Work request
Copy every entry exactly, but skip the pictures.

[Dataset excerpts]
Content starts

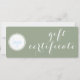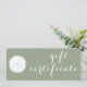 Um design elegante e sofisticado em verde-pálido para uso como um certificado de presente comercial. Esta peça tem um belo estilo caligráfico escrevendo na primeira leitura Certificado de Presente e um pequeno espaço reservado para logotipo. O inverso na cor verde do eucalipto com texto personalizado em branco para os detalhes do vale-presente, juntamente com os detalhes de contato comercial e a página da Web.
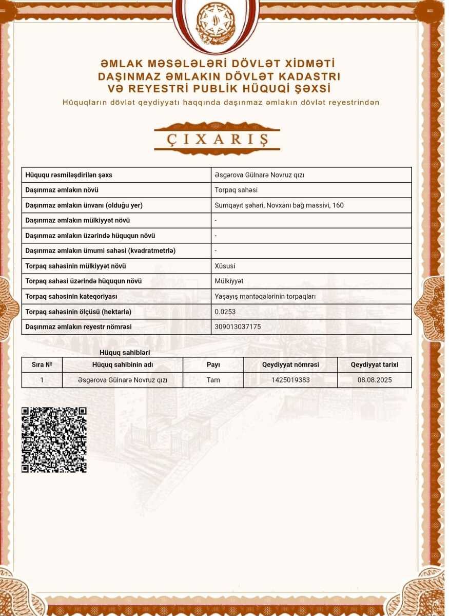 3 sot torpaq satılır, Novxanı
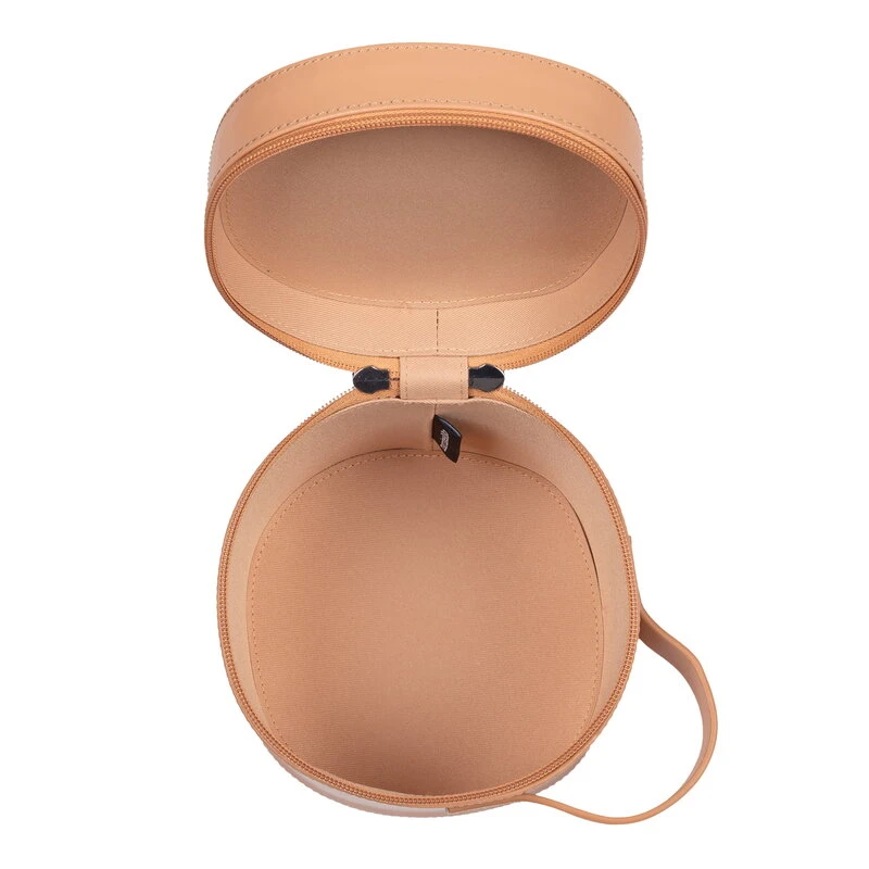 Marimekon Liuske-kosmetiikkalaukku on valmistettu kierrätetystä nahasta ja saanut inspiraation muotoonsa luonnonkivistä. Luonnonvärisessä säilyttimessä on kätevä kantokahva sekä suljettava vetoketju, jonka vetimiä koristaa Marimekko-logot. Pelkistetyn kosmetiikkalaukun kannen päällä on nahkainen nappi ja sisäpuolella suojaava tvillivuori.
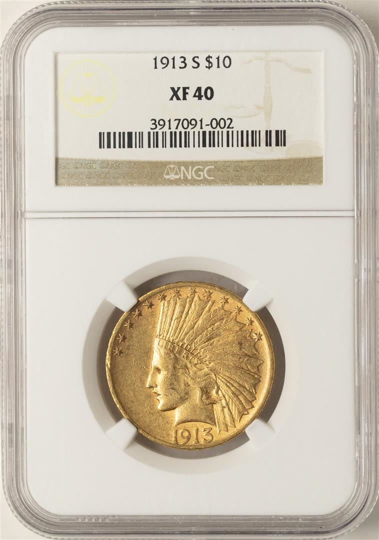 One 1913-S $10 Indian Head Eagle Gold Coin NGC XF40. NGC Certified.
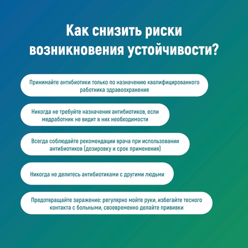 Решение проблемы устойчивости бактерий к антибиотикам – в руках человека. Полностью избавиться от этой проблемы, скорее всего, невозможно, но можно ее замедлить и даже сократить. Антибиотикорезистентность можно предупредить:
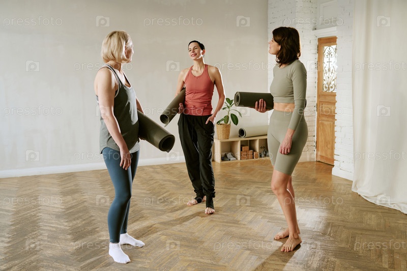 Три молодых взрослых женщины, общающиеся после занятий йогой в помещении
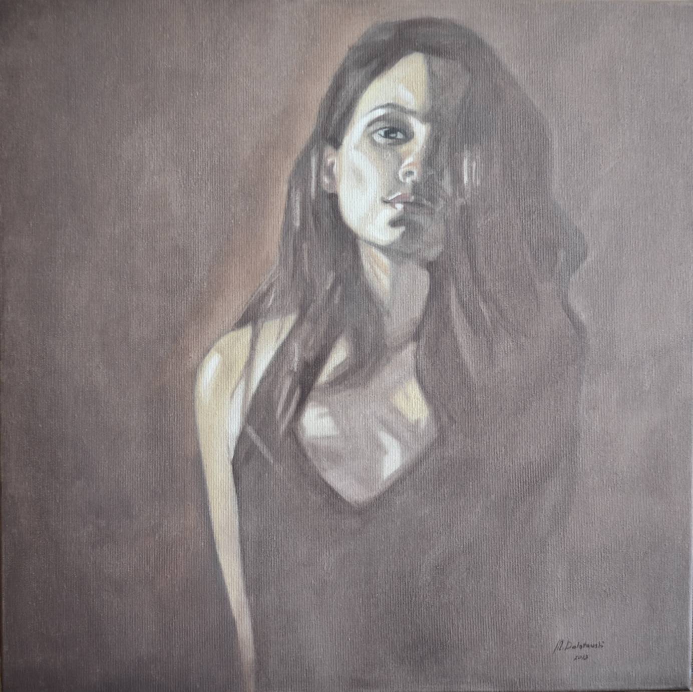 Obraz wykonany w technice olejnej poprzez nakładanie farby za pomocą laserunku oraz stosowanie przecierek.
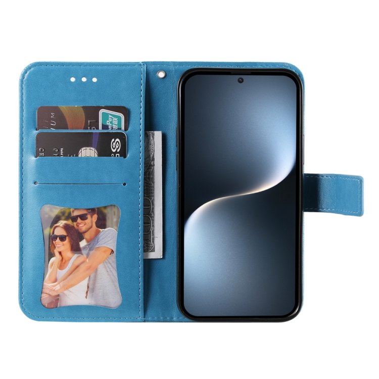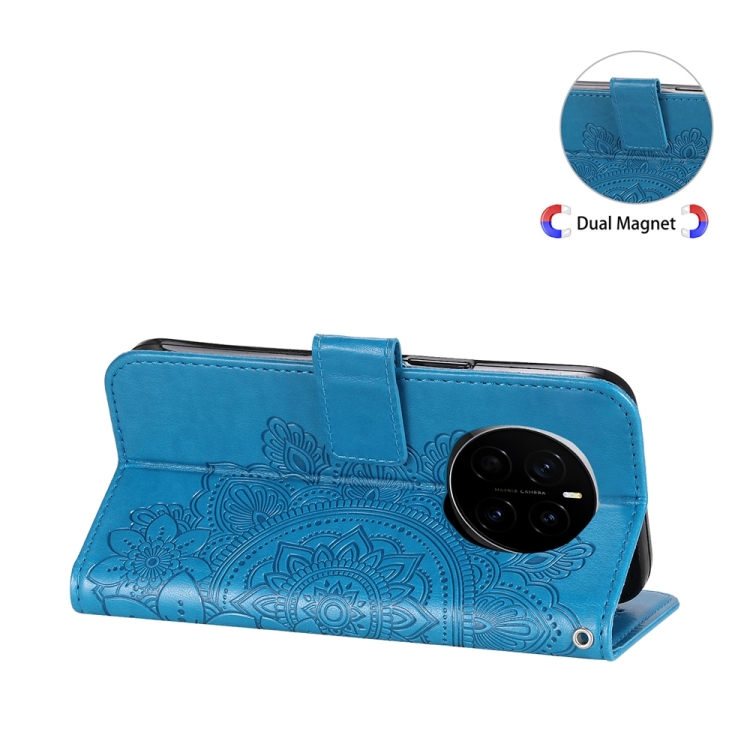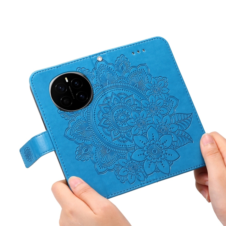 Funda de Cuero Honor Magic7 con Estampado de Flores de Siete Pétalos (Azul)
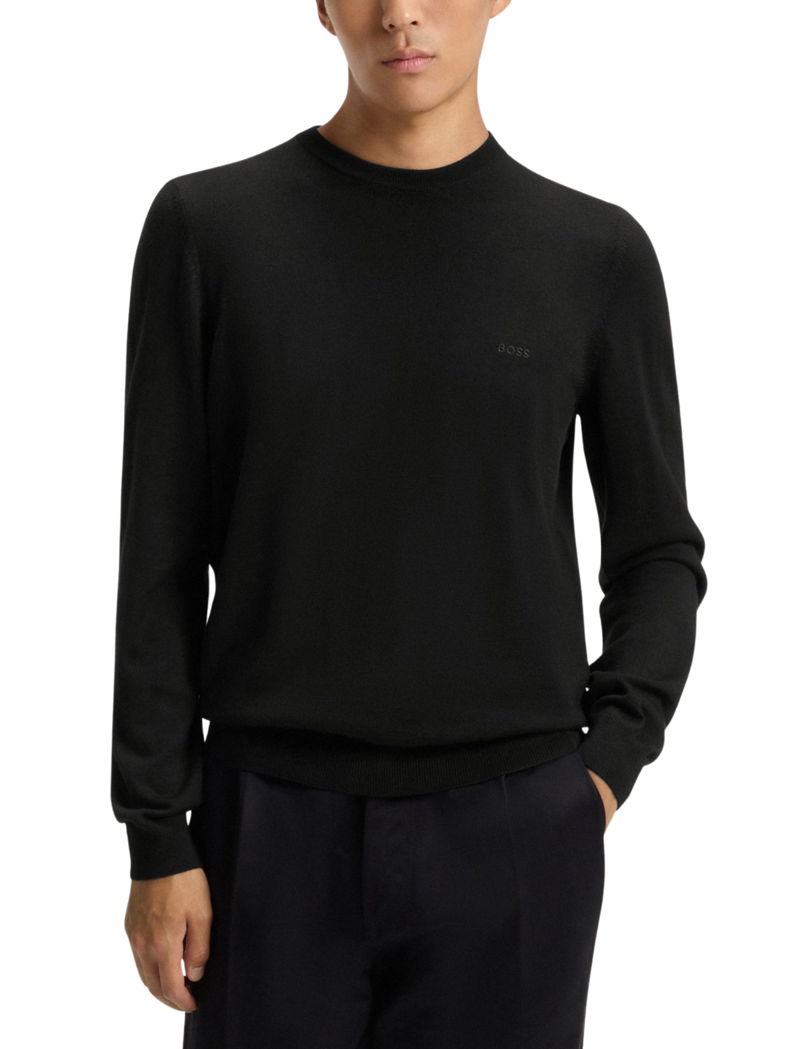 Maglioncino nero BOSS Menswear realizzato in 100% lana vergine e rifinito con logo ricamato. Presenta vestibilità regolare, girocollo, maniche lunghe, polsini a coste e lunghezza standard.
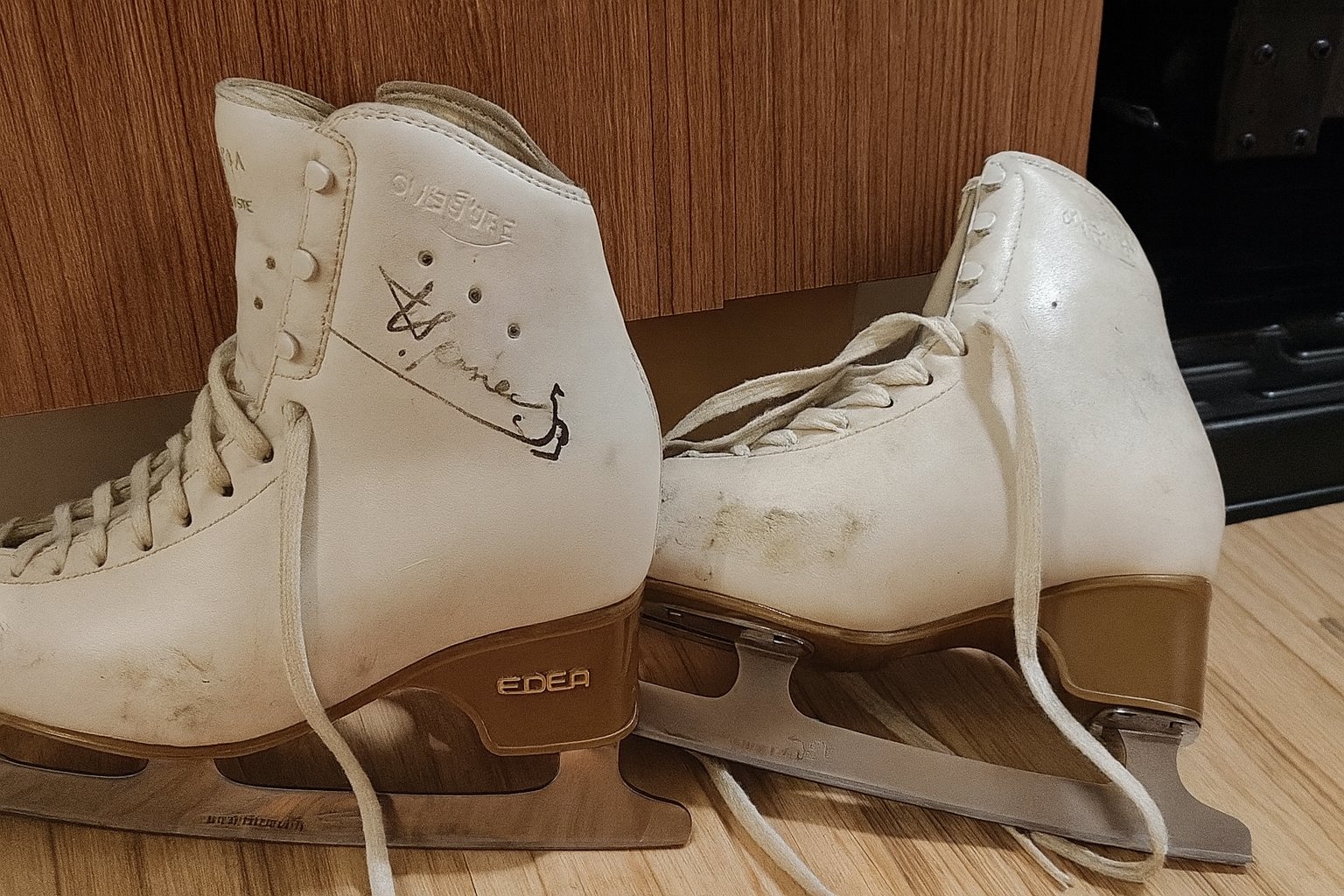 Predám kvalitné krasokorčuliarske topánky EDEA OVERTURE vo veľkosti 235 – s autentickým podpisom Tomáša Vernera, majstra Európy z roku 2008.
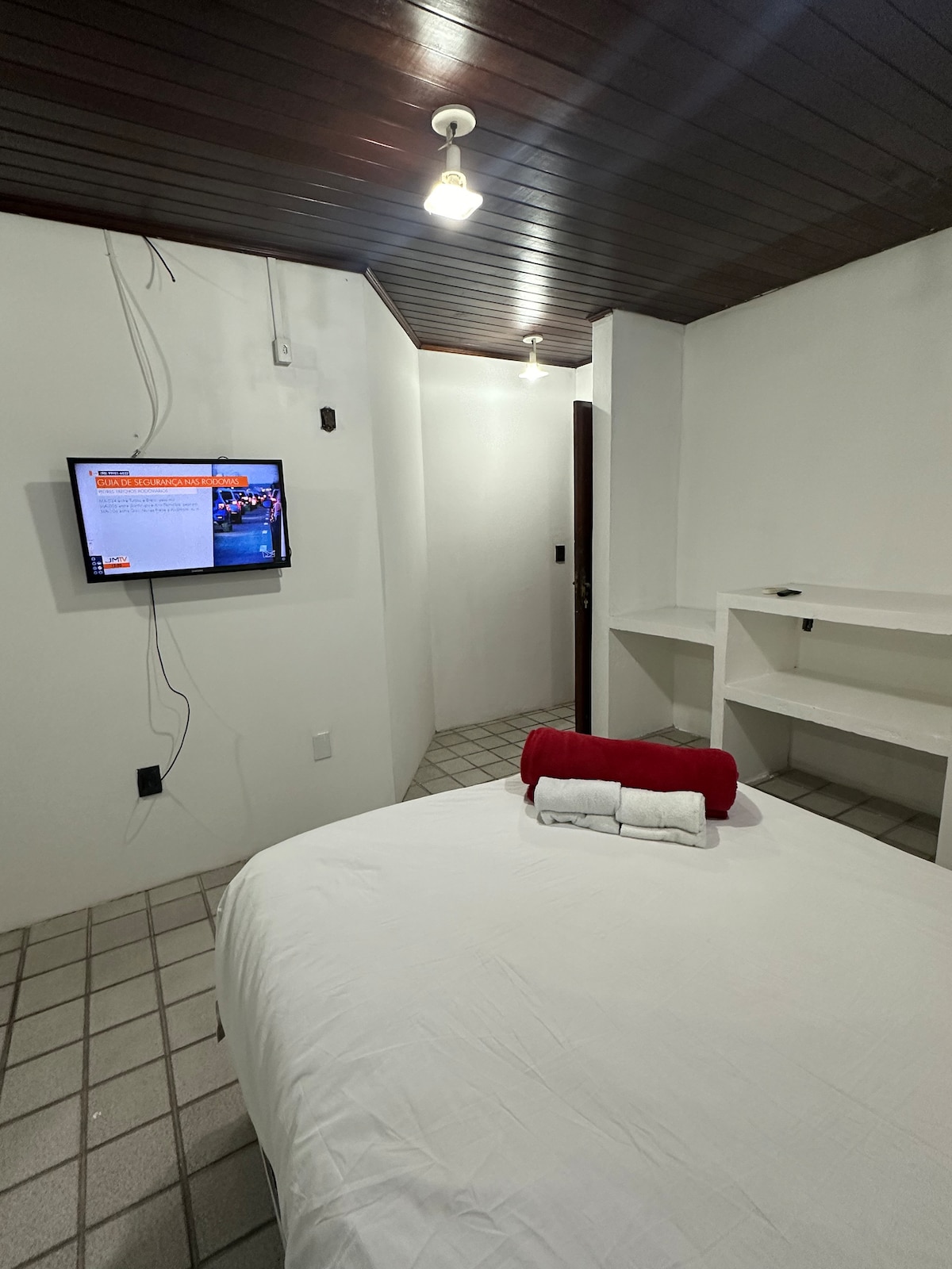 Pokój prywatny z łazienką i klimatyzacją. Idealne dla tych, którzy szukają cichego i centralnego miejsca na pobyt w centrum São Luis. Jak widać na zdjęciach oferty, oferta jest przestronna, przewietrzona, z oknem wychodzącym na podwórko. Posiada podwójne łóżko i pojedyncze łóżko, które może służyć jako dodatkowa sofa lub pojedynczy materac, który może pomieścić innego gospodarza dla maksymalnie czterech osób. Znajduje się tu również minibar, stół z krzesłami i półkami.
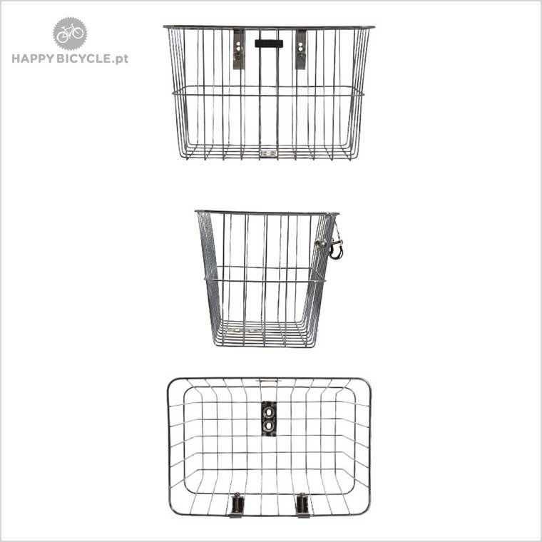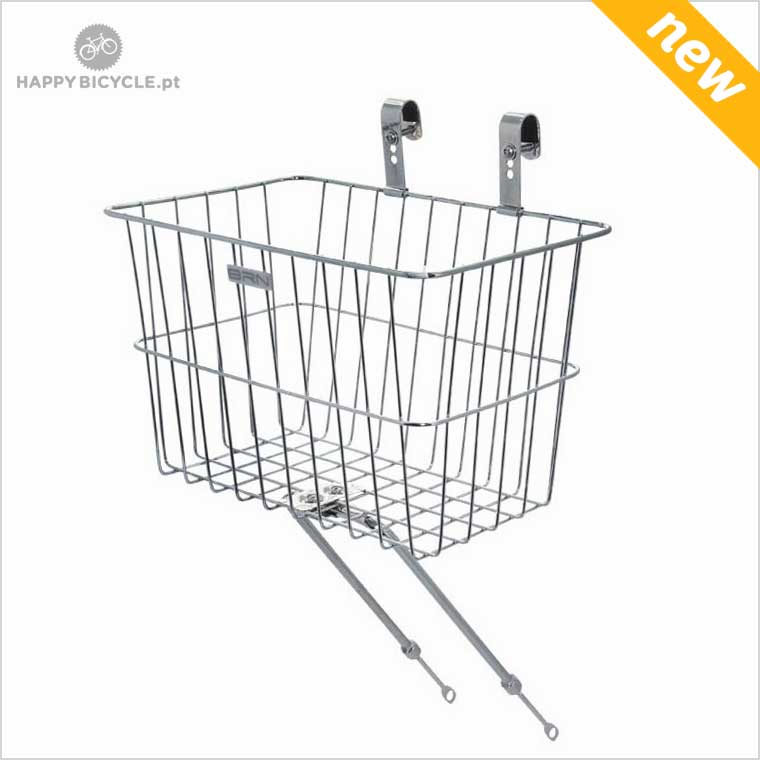 Cesto em estrutura metálica, com 4 pontos de fixação, dois no guiador e dois no eixo da roda dianteira (com ajuste).
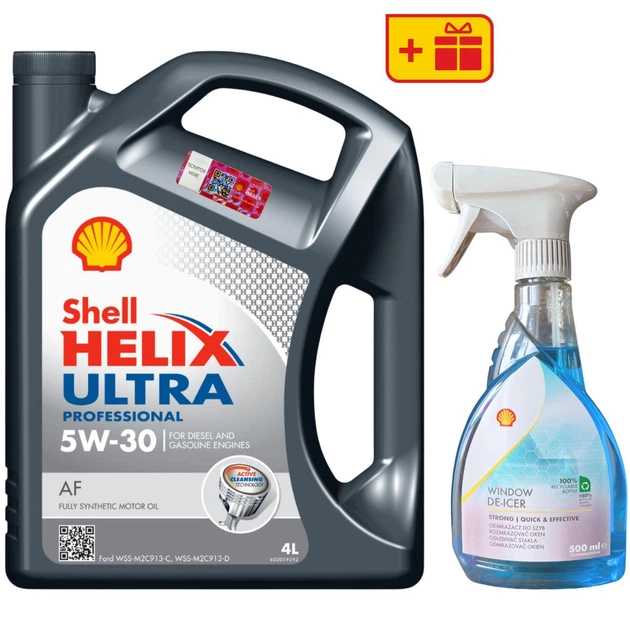 Моторна олива Shell Helix Ultra Pro AF 5W-30, 4 л + Розморожувач скла Shell Window De-Icer 0.5 л

Content ends

Response to this exercise
 Um design elegante e sofisticado em verde-pálido para uso como um certificado de presente comercial. Esta peça tem um belo estilo caligráfico escrevendo na primeira leitura Certificado de Presente e um pequeno espaço reservado para logotipo. O inverso na cor verde do eucalipto com texto personalizado em branco para os detalhes do vale-presente, juntamente com os detalhes de contato comercial e a página da Web.
 3 sot torpaq satılır, Novxanı
 Marimekon Liuske-kosmetiikkalaukku on valmistettu kierrätetystä nahasta ja saanut inspiraation muotoonsa luonnonkivistä. Luonnonvärisessä säilyttimessä on kätevä kantokahva sekä suljettava vetoketju, jonka vetimiä koristaa Marimekko-logot. Pelkistetyn kosmetiikkalaukun kannen päällä on nahkainen nappi ja sisäpuolella suojaava tvillivuori.
 One 1913-S $10 Indian Head Eagle Gold Coin NGC XF40. NGC Certified.
 Решение проблемы устойчивости бактерий к антибиотикам – в руках человека. Полностью избавиться от этой проблемы, скорее всего, невозможно, но можно ее замедлить и даже сократить. Антибиотикорезистентность можно предупредить:
 Три молодых взрослых женщины, общающиеся после занятий йогой в помещении
 Obraz wykonany w technice olejnej poprzez nakładanie farby za pomocą laserunku oraz stosowanie przecierek.
 Funda de Cuero Honor Magic7 con Estampado de Flores de Siete Pétalos (Azul)
 Maglioncino nero BOSS Menswear realizzato in 100% lana vergine e rifinito con logo ricamato. Presenta vestibilità regolare, girocollo, maniche lunghe, polsini a coste e lunghezza standard.
 Predám kvalitné krasokorčuliarske topánky EDEA OVERTURE vo veľkosti 235 – s autentickým podpisom Tomáša Vernera, majstra Európy z roku 2008.
 Pokój prywatny z łazienką i klimatyzacją. Idealne dla tych, którzy szukają cichego i centralnego miejsca na pobyt w centrum São Luis. Jak widać na zdjęciach oferty, oferta jest przestronna, przewietrzona, z oknem wychodzącym na podwórko. Posiada podwójne łóżko i pojedyncze łóżko, które może służyć jako dodatkowa sofa lub pojedynczy materac, który może pomieścić innego gospodarza dla maksymalnie czterech osób. Znajduje się tu również minibar, stół z krzesłami i półkami.
 Cesto em estrutura metálica, com 4 pontos de fixação, dois no guiador e dois no eixo da roda dianteira (com ajuste).
 Моторна олива Shell Helix Ultra Pro AF 5W-30, 4 л + Розморожувач скла Shell Window De-Icer 0.5 л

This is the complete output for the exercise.